◆ Given material ◆
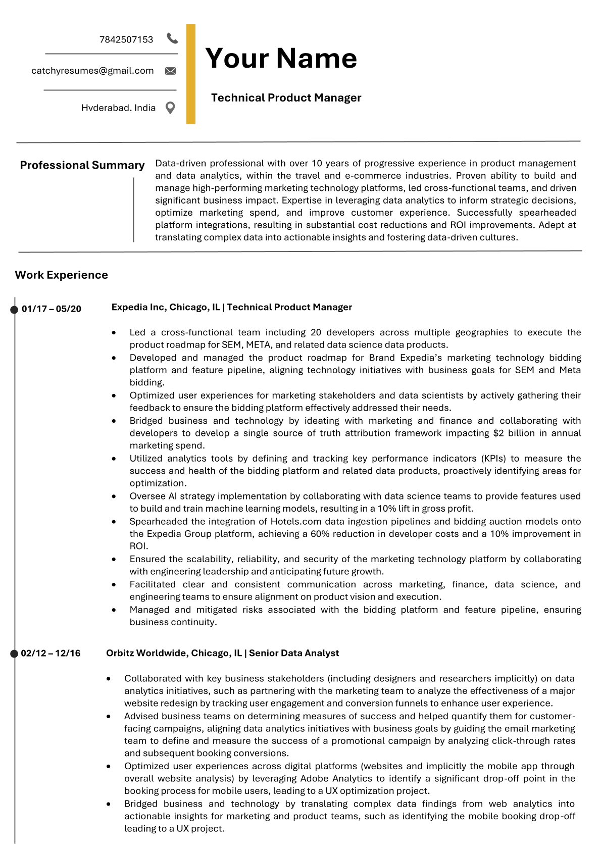 This resume is part of our handpicked collection of professional resume templates, developed to meet recruiter expectations and current hiring trends. Each section comes with thoughtfully written guidance through pre-filled content, including summary, key skills, work experience, and accomplishments, so you never have to start from scratch.
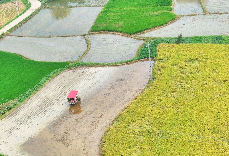 7月13日,湖南省衡陽市衡東縣霞流鎮(zhèn)農(nóng)民駕駛農(nóng)機(jī)翻耕稻田(無人機(jī)照片)。
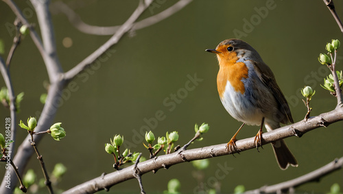 Robin perched on a bare branch, singing brightly amidst the first green buds of spring
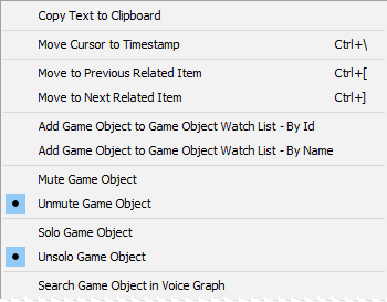 列出所有游戏对象,例如在Advanced Profiler的“Capture Log”一节或“Voices(语音)”一节和“Voices Graph 选项卡”一节选项卡中,有一个特定的快捷菜单,其中包含以下选项:

◆ Goal of the exercise ◆
Please set down, word for word, the lines starting at the line that holds "Robin perched on" and running to the end of the listing, with no pictures.

◆ Response to the task ◆
 Robin perched on a bare branch, singing brightly amidst the first green buds of spring
 列出所有游戏对象,例如在Advanced Profiler的“Capture Log”一节或“Voices(语音)”一节和“Voices Graph 选项卡”一节选项卡中,有一个特定的快捷菜单,其中包含以下选项:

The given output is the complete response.